2024 | Chao Chen, Kai Liu, Ze Chen, Yi Gu, Yue Wu, Mingyuan Tao, Zhihang Fu, Jieping Ye
This paper proposes a novel approach for detecting hallucinations in large language models (LLMs) by leveraging the internal states of LLMs. The key idea is to utilize the dense semantic information retained in the internal states of LLMs for hallucination detection, which is more effective than traditional methods that rely on logit-level or language-level uncertainty estimation. The proposed method, called INSIDE, includes two main components: (1) an EigenScore metric that measures the semantic consistency of responses using the eigenvalues of the covariance matrix of sentence embeddings, and (2) a test-time feature clipping approach that truncates extreme activations in the internal states to reduce overconfident generations and improve the detection of overconfident hallucinations.
The EigenScore metric is designed to capture the semantic divergence in the dense embedding space, which is more effective than existing uncertainty or consistency metrics that operate in logit or language space. It is based on the logarithm of the determinant of the covariance matrix of sentence embeddings, which reflects the differential entropy in the embedding space. The feature clipping approach is used to reduce the impact of extreme activations in the internal states, which can lead to overconfident generations. This approach is implemented by clipping the activations of the penultimate layer of the LLMs to a certain threshold.
Extensive experiments on several popular LLMs and question-answering (QA) benchmarks demonstrate the effectiveness of the proposed method. The results show that the EigenScore outperforms existing methods in terms of hallucination detection performance, particularly in CoQA and SQuAD datasets. Additionally, the feature clipping approach significantly improves the performance of the method, as shown in the experiments. The proposed method is also compared with other state-of-the-art methods, including Semantic Entropy, Shifting Attention to Relevance, and SelfCheckGPT, and it consistently outperforms them in terms of hallucination detection performance.
The paper also discusses the computational efficiency of the proposed method, showing that it is more efficient than other methods that rely on another large model to measure self-consistency. The results indicate that the EigenScore is about 10 times more efficient than such methods, and the computational overhead of the feature clipping and EigenScore computation is negligible.
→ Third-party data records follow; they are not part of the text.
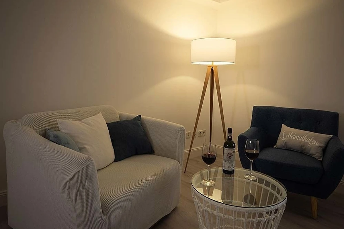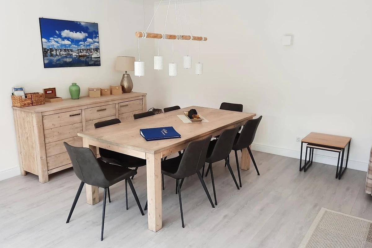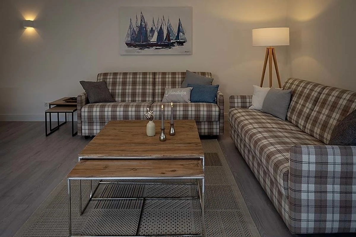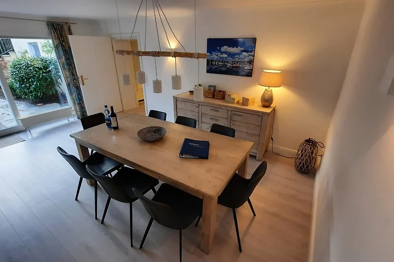 Im Wohnzimmer erwartet Sie ein modernes und helles Raumkonzept, das Gemütlichkeit und Funktionalität vereint. Hier befindet sich eine hochwertige Schlafcouch, die zusätzlichen Platz für Gäste oder für eine angenehme Nachtruhe bietet. Der grosszügige Essbereich lädt zu gemeinsamen Mahlzeiten ein, während das gemütliche Sofa zu entspannten Stunden nach einem erlebnisreichen Tag einlädt. Ein Fernseher sorgt für Unterhaltung, und dank der Internet-Flatrate sind Sie immer mit der Welt verbunden. Geniessen Sie den Blick auf die Flensburger Förde und lassen Sie sich von der einzigartigen Atmosphäre der Umgebung verzaubern.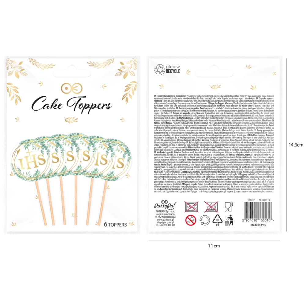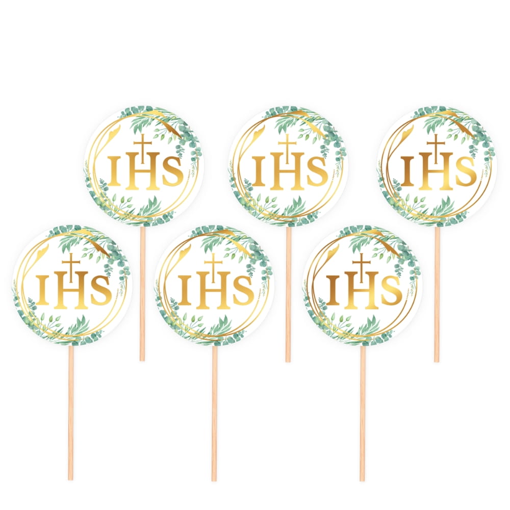 Toppery na tort utrzymane w złoto-białej, komunijnej kolorystyce, dodatkowo ozdobione motywem roślinnym: zielonymi gałązkami. W zestawie 6 sztuk o średnicy 4,5 cm. Na każdym pikerze złoty napis IHS z krzyżykiem i złot-zieloną obwódką z gałązkami na białym tle. Papierowe toppery są jednostronne. Ten prosty design to klasyka, która sprawdzi się na każdym stole. Pozwala w łatwy sposób udekorować każdy rodzaj komunijnego tortu, babeczki, ciasta, wypieki lub bukiet na komunijnym stole. Toppery są szybkie i proste w użyciu, dopuszczone do kontaktu z żywnością i przede wszystkim trwałe, będą wyglądać pięknie przez cały czas trwania nawet najdłuższej uroczystości.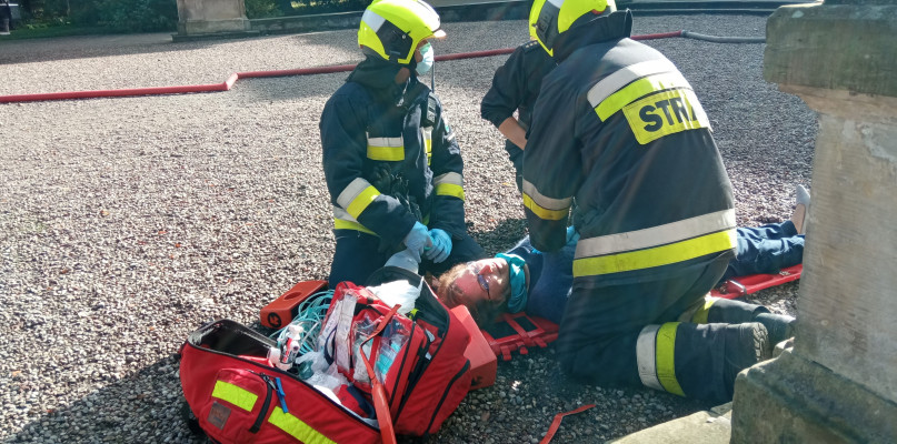 Ewakuacja z drugiego piętra, udzielenie pierwszej pomocy, wyniesienie cennych przedmiotów - to wszystko działo się dziś, 28 września na terenie nieborowskiego pałacu.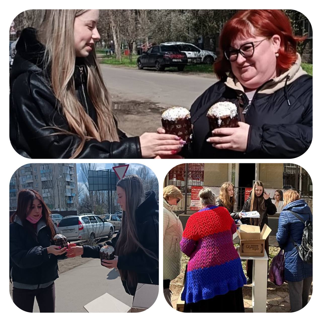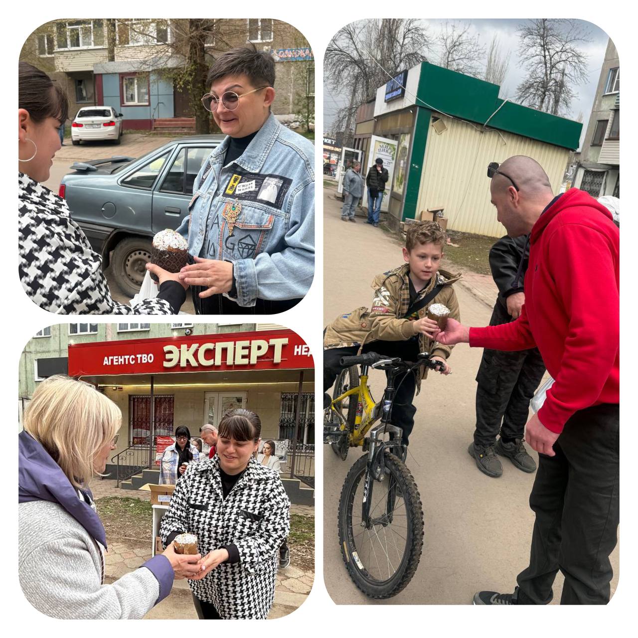 На площадке возле агентства недвижимости «Эксперт» прохожие получали в подарок ароматный кулич, как символ приближающегося праздника Пасхи.

The proposed method is also evaluated on more LLMs, including LLaMA2-7B and Falcon-7B, and it consistently exhibits superior performance compared to other methods. The paper concludes that the proposed method is a promising approach for detecting hallucinations in LLMs, as it effectively leverages the internal states of LLMs to capture the semantic information and improve the detection of hallucinations.This paper proposes a novel approach for detecting hallucinations in large language models (LLMs) by leveraging the internal states of LLMs. The key idea is to utilize the dense semantic information retained in the internal states of LLMs for hallucination detection, which is more effective than traditional methods that rely on logit-level or language-level uncertainty estimation. The proposed method, called INSIDE, includes two main components: (1) an EigenScore metric that measures the semantic consistency of responses using the eigenvalues of the covariance matrix of sentence embeddings, and (2) a test-time feature clipping approach that truncates extreme activations in the internal states to reduce overconfident generations and improve the detection of overconfident hallucinations.
The EigenScore metric is designed to capture the semantic divergence in the dense embedding space, which is more effective than existing uncertainty or consistency metrics that operate in logit or language space. It is based on the logarithm of the determinant of the covariance matrix of sentence embeddings, which reflects the differential entropy in the embedding space. The feature clipping approach is used to reduce the impact of extreme activations in the internal states, which can lead to overconfident generations. This approach is implemented by clipping the activations of the penultimate layer of the LLMs to a certain threshold.
Extensive experiments on several popular LLMs and question-answering (QA) benchmarks demonstrate the effectiveness of the proposed method. The results show that the EigenScore outperforms existing methods in terms of hallucination detection performance, particularly in CoQA and SQuAD datasets. Additionally, the feature clipping approach significantly improves the performance of the method, as shown in the experiments. The proposed method is also compared with other state-of-the-art methods, including Semantic Entropy, Shifting Attention to Relevance, and SelfCheckGPT, and it consistently outperforms them in terms of hallucination detection performance.
The paper also discusses the computational efficiency of the proposed method, showing that it is more efficient than other methods that rely on another large model to measure self-consistency. The results indicate that the EigenScore is about 10 times more efficient than such methods, and the computational overhead of the feature clipping and EigenScore computation is negligible. The proposed method is also evaluated on more LLMs, including LLaMA2-7B and Falcon-7B, and it consistently exhibits superior performance compared to other methods. The paper concludes that the proposed method is a promising approach for detecting hallucinations in LLMs, as it effectively leverages the internal states of LLMs to capture the semantic information and improve the detection of hallucinations.